L'existence de facteurs génétiques favorisant la survenue d'infections sévères
et influençant leur gravité a été démontré depuis plusieurs années par des études
épidémiologiques, des études de jumeaux ou portant sur des adoptés [3]. Ainsi,
depuis plus de 40 ans, les déficits génétiques en complément ont été associés à la
survenue d'infections bactériennes récidivantes dont des méningites à germes
encapsulés (pneumocoques, méningocoques).

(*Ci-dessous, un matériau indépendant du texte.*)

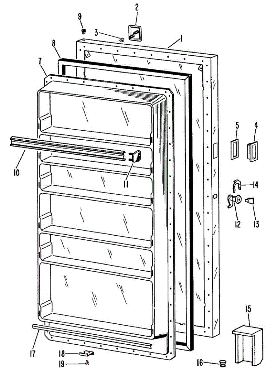 Hardware fasteners for securing refrigerator door panels and components. Includes screws, nuts, and washers for assembly. Replace missing or stripped pieces.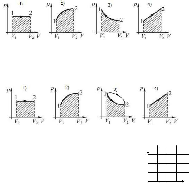 9.2. Работа, совершаемая идеальным газом при его изобарном расширении, численно равна заштрихованной площади, показанной на рисунке...

En dehors de ces rares déficits
immunitaires, l'existence de variants génétiques (appelés polymorphismes si leur
fréquence > 1%) au sein des gènes des protéines impliqués dans la défense de
l'hôte peut expliquer l'inégalité observée face au risque de méningite bactérienne.

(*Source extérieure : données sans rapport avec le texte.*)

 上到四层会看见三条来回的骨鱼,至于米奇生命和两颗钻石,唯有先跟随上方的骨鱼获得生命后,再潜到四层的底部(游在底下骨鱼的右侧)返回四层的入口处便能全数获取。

Les polymorphismes suspectés de jouer un rôle négatif dans la défense antiméningite
concernent
soit
des
gènes
de
protéines
impliquées
dans
la
reconnaissance des pathogènes (récepteurs de type Toll 2 et 4, mannose binding
lectine, récepteur du fragment Fc des immunoglobulines de type IIA) dans la réaction
inflammatoire (TNF alpha, IL-1, IL-10) ou dans la coagulation (PAI-1, facteur V
Leyden).
La connaissance récente de l'ensemble du génome humain et de ses variants
ainsi que le développement de moyens de génotypage rapide à un coût faible
devraient permettre de mettre en évidence de nombreux autres polymorphismes
génétiques associés au risque de méningites bactériennes graves et d'envisager une
politique de prévention et de traitement individualisé. Cela devra se faire dans le
cadre de larges études répondant à des critères de qualité reconnus [4] et en tenant
compte des implications éthiques et sociales de cette nouvelle forme de médecine
[5].
Références:
1) Saez-Llorens X. and Mc Cracken Jr GH. Bacterial meningitis in children.

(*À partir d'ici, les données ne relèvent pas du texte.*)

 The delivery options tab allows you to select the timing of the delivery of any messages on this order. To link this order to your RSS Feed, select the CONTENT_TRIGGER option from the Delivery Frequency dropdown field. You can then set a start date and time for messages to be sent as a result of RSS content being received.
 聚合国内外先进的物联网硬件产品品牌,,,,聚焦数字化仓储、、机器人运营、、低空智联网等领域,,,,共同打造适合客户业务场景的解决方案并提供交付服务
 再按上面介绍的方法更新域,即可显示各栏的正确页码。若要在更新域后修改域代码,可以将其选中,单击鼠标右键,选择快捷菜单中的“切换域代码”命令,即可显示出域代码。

Lancet 2003; 361: 2139-48.
2) Vermont CL., de Groot R, Hazelzet JA. Genetic influences on meningococcal
disease. Crit Care 2002; 6: 60-5.
3) Charpentier J. and Mira JP. Rôle de l'hôte au cours des infections
bactériennes sévères. Arch Pédiatr 2001; 8(suppl 4): S1-8.
4) Bogardus ST., Concato J., Feinstein AR. Clinical epidemiological quality in
molecular genetic research: the need for methodological standards. JAMA
1999; 281: 1919-26.
5) Clayton EW. Ethical, Legal, and social implications of genomic medicine. N
Engl J Med 2003;340: 562-9.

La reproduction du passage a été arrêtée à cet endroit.